Economics and similar, for the sleep-deprived
A subtle change has been made to the comments links, so they no longer pop up. Does this in any way help with the problem about comments not appearing on permalinked posts, readers?
Update: seemingly not
Update: Oh yeah!
Monday, June 30, 2003
[continued ....]
But the first problem has to be to treat this as what it is; a labour dispute. It's not a "crisis of scholarship", nor is it a "scandal of the denigration of teaching as against research". It's not even a "closed shop of existing faculty". It's a dispute between employees and their employers over terms and conditions of employment.
Consider this. Are the newly minted PhD/adjunct's really bemoaning their fate because they can't all be the Goerge Washington Plunkitt Professor of Practical Politics at New York University or some similiarly well-endowed post? I don't think so. Whatever Brad and others think about the systematic tendency of PhDs to overestimate their own prospects for academic success, I seem to get a feeling of genuine grievance in the complaints from the adjunct proleteriat. It's not just a matter of them not having turned out to be as successful as they hoped; they actually think that their current fate is an injustice.
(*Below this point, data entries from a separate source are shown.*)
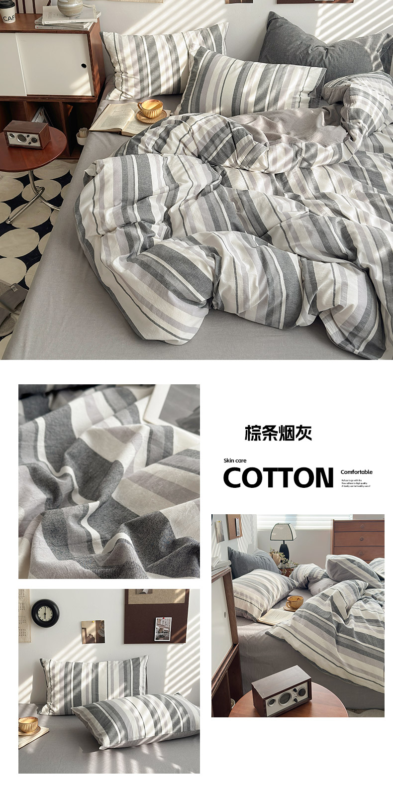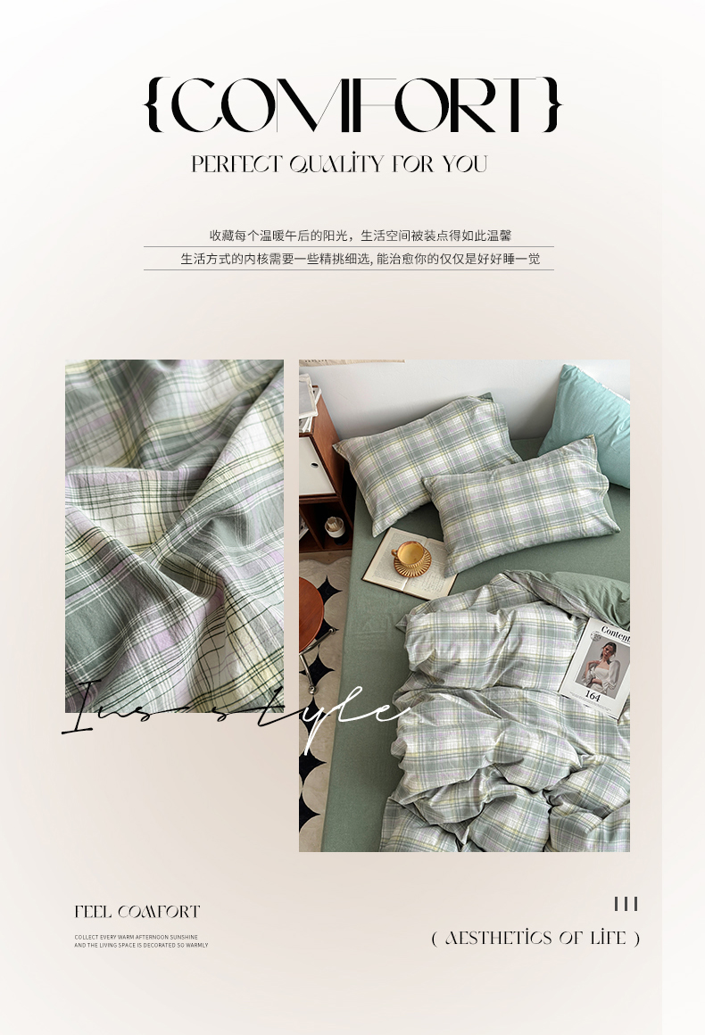 当前位置: 91家纺网 > 商品网购 > 床品套件 > 四件套 > 色织四件套 > 水洗的故事2025新款A类AB版全棉色织水洗棉四件套 椰灰大格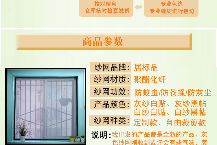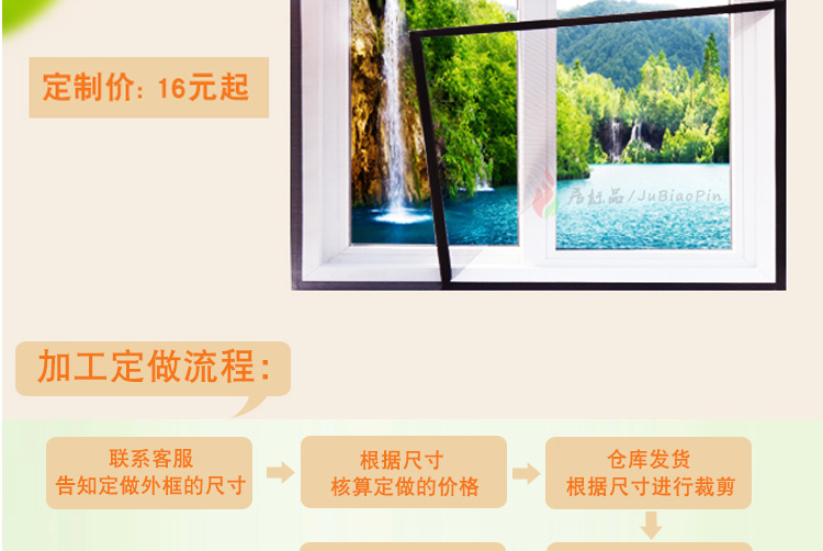 【定制免加工费】定做家用简易防蚊纱窗网,免加工费,加密纱网,环保无味,耐老化性,无痕安装,精致加工,提高隐形!防蚊虫、防苍蝇、防灰尘,经典黑白颜色可选!【破损补寄】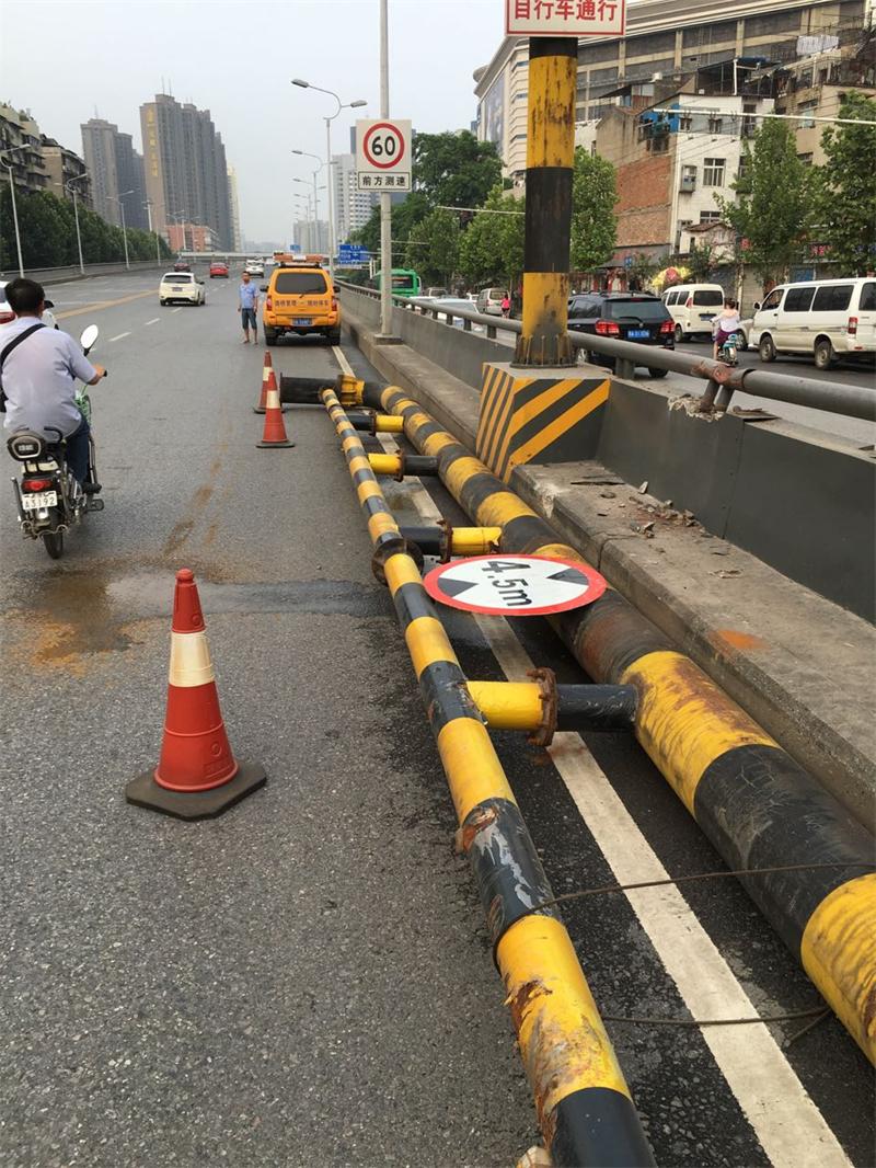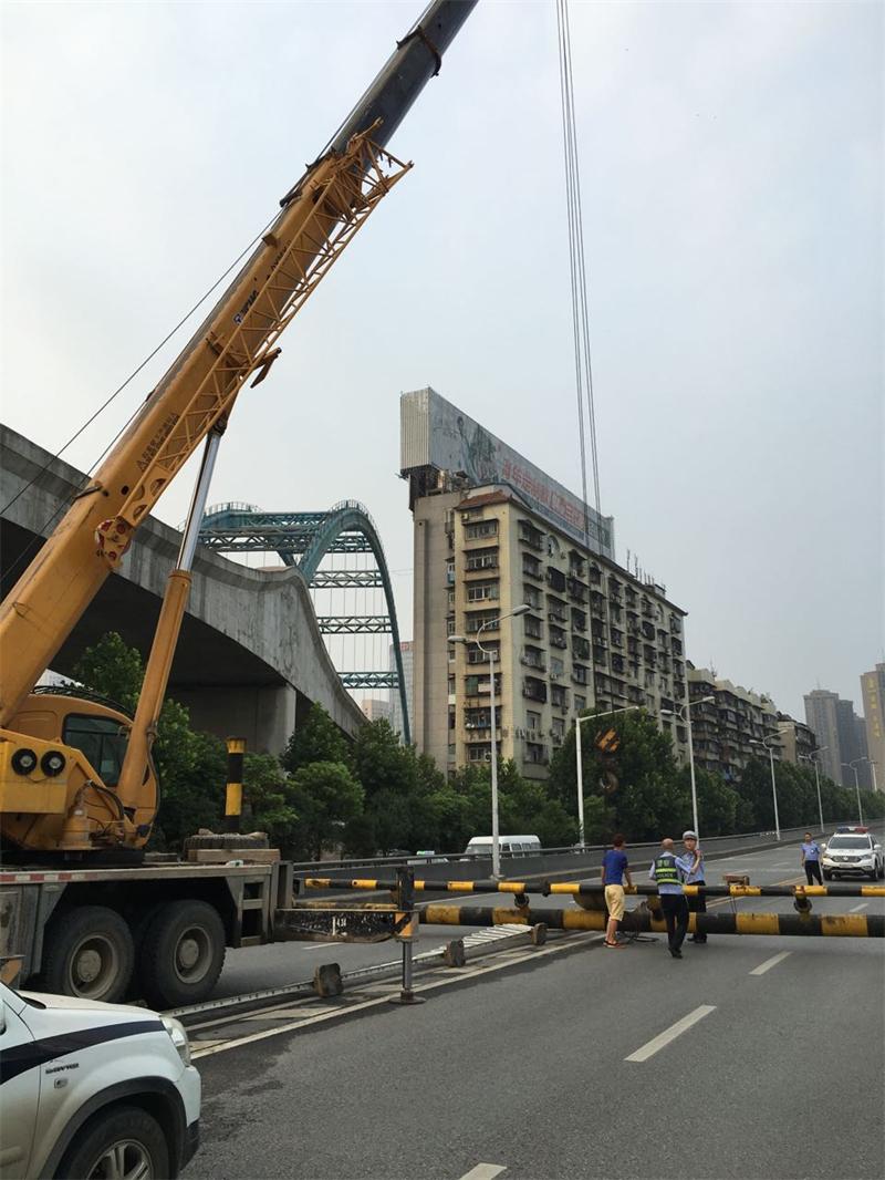 今早清晨5:30分,漢口黃浦路立交橋頭限高門架被大貨車將橫桿撞落,造成二層立交橋雙向交通中斷。事件發(fā)生后,長江二橋管理所第一時間趕到現(xiàn)場,協(xié)調(diào)交管調(diào)集大型起重車輛救援。管護隊員在協(xié)助交警清理障礙物的同時,對橋梁設(shè)施損壞情況進行認真檢查并拍照取證,現(xiàn)場處置忙而不亂,有條不紊。經(jīng)過1個多小時的連續(xù)奮戰(zhàn),事故現(xiàn)場清理完畢,搶在早高峰來臨之前,恢復了橋面交通,為市民提供了安全暢通的通行環(huán)境。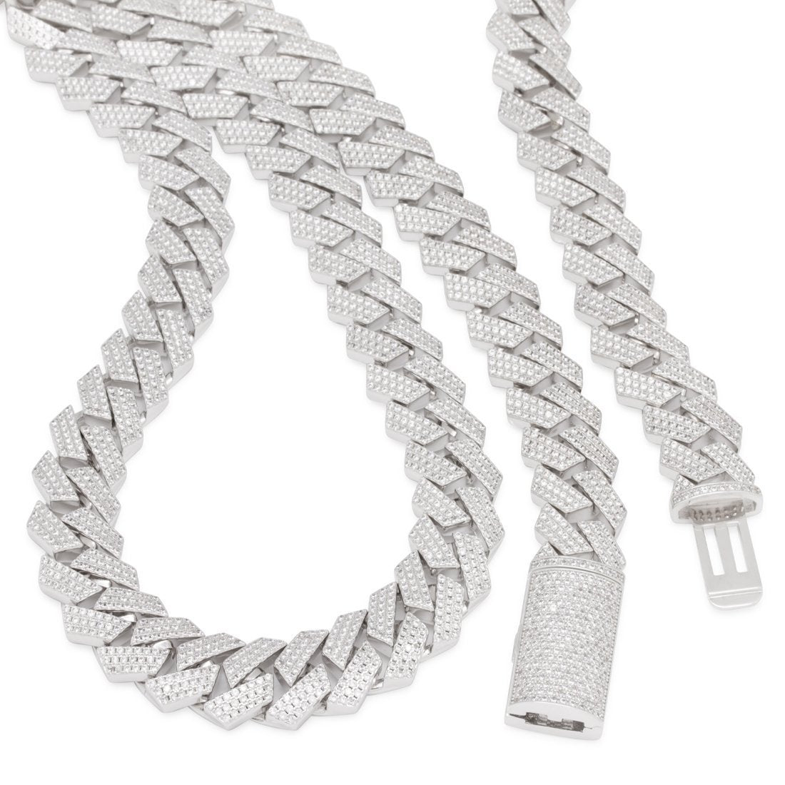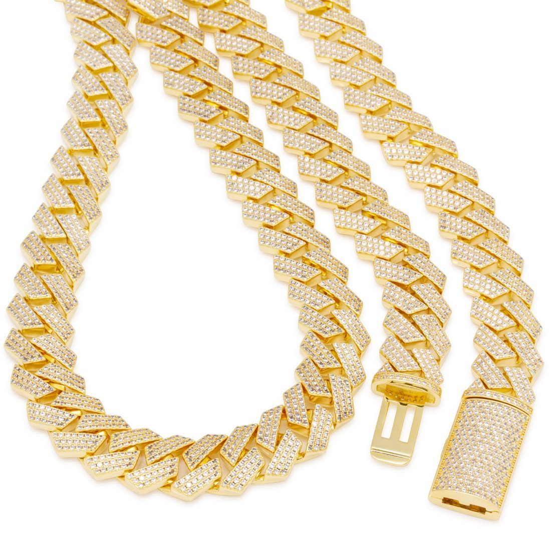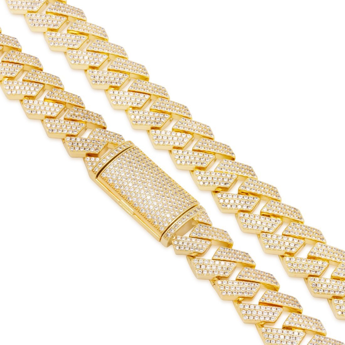 The new 18mm Diamond Cut Miami Cuban Chain features a straight, sharp link design. This chain and custom lock box is iced with more than 1,800 VVS Diamond Simulate stones. The chain is available in 14K Gold plating and white gold plating in various lengths.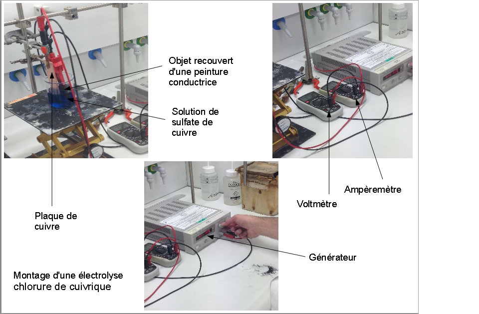 Nous pouvons voir ci-dessous le matériel et le montage utilisé pour le dépôt électrochimique du cuivre sur un objet initialement conducteur: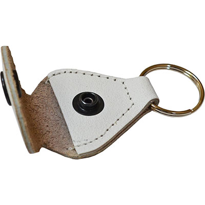 キーリング付きのレザー製ピックホルダー。スナップボタン留めタイプ。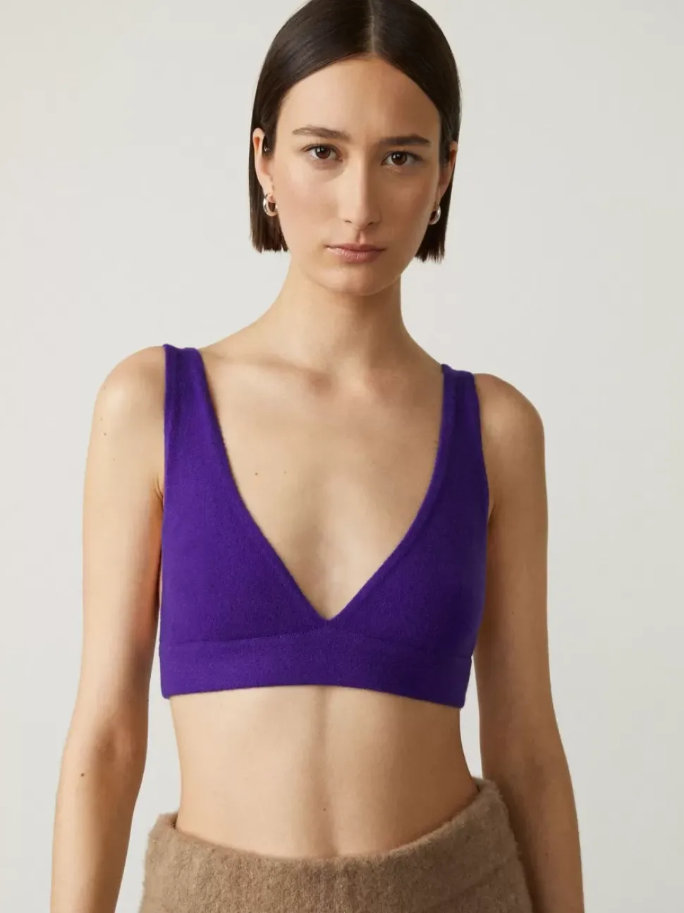 In A Light-Weight Yet Reassuring 12 Gauge Cashmere, The Capucine Bra Is A Pull-Over Piece That Is Secured With An Elasticated Band And Fitted Straps.

And I think that the reason they really feel aggrieved is that what they wanted was tenure and they haven't got it. And when you clear away the thickets and fog of "community of scholars", "guild system of values", "sacred trust of learning" etc, the reason that people want to have tenure is that once you've got it, they can't sack you. It's a Job For Life. Which is a very, very pleasant thing to have, or so I am told in travellers' tales or the senile ravings of old men who claim to have been alive when such mythical beasts walked the earth.
That's the good thing about being a "tenured professor" or being on the "tenure track". It allows you to look forward to a day when you don't have to worry about the possibility of losing your income2. I don't think it is too much of a stretch to say that the academic career path is profoundly attractive to people whose personalities tend toward insecurity and low tolerance for being exposed to the slings and arrows of outrageous fortune. These are after all people who have got where they are by passing exams, and it is not unreasonable to suppose that lots of these people will have passed exams a lot because they have studied a lot, and have studied a lot because studying has been a way of controlling their anxiety about their general vulnerability to things and events outside their control. The PhD track are also people who have elected to keep away from the big bad world on completion of their undergraduate degrees, and their role models and mentors are all people who live in the easy world of tenured income certainty. To then expose them to considerably more income uncertainty than, say, an average second-year graduate trainee at a consultancy firm seems pretty cruel.
So at the end of the day, the "adjunct crisis" is just the problem of the labour market overall; it's one of insufficiently long-dated labour contracts, which have been imposed by people who want to shift their operating risks onto their workers, and who enjoy a side-benefit of forcing more unrewarded labour and effort out of those workers as they attempt to get back to the level of income security they want. It's part of the same shift of the burden of risk onto the shoulders of those least well-equipped to bear it and away from those whose natural social function is to bear it. The adjunct crisis is just felt particularly badly by a particularly articulate group.
Tune in toward the end of the week for my shocking proposal for a solution ...
1I have never seen so much incomprehensible fucking jargon in my life. I'm not at all sure of the meaning of any of these terms. Etymology gives no clues at all and they're not even descriptive. If at all possible, just use them as empty signifiers.
2I also suspect, but can't yet prove, that a very significant motivating factor for all those would be writers who "have an urge to express" is that writers are paid in royalties, which is a little bit like owning capital. Certainly, this would fit in with the almost mystic reverence that people of my acquaintance seem to have for royalty statements; hacks like me tend to view them as bitter reminders of past failure to ask for a big enough advance.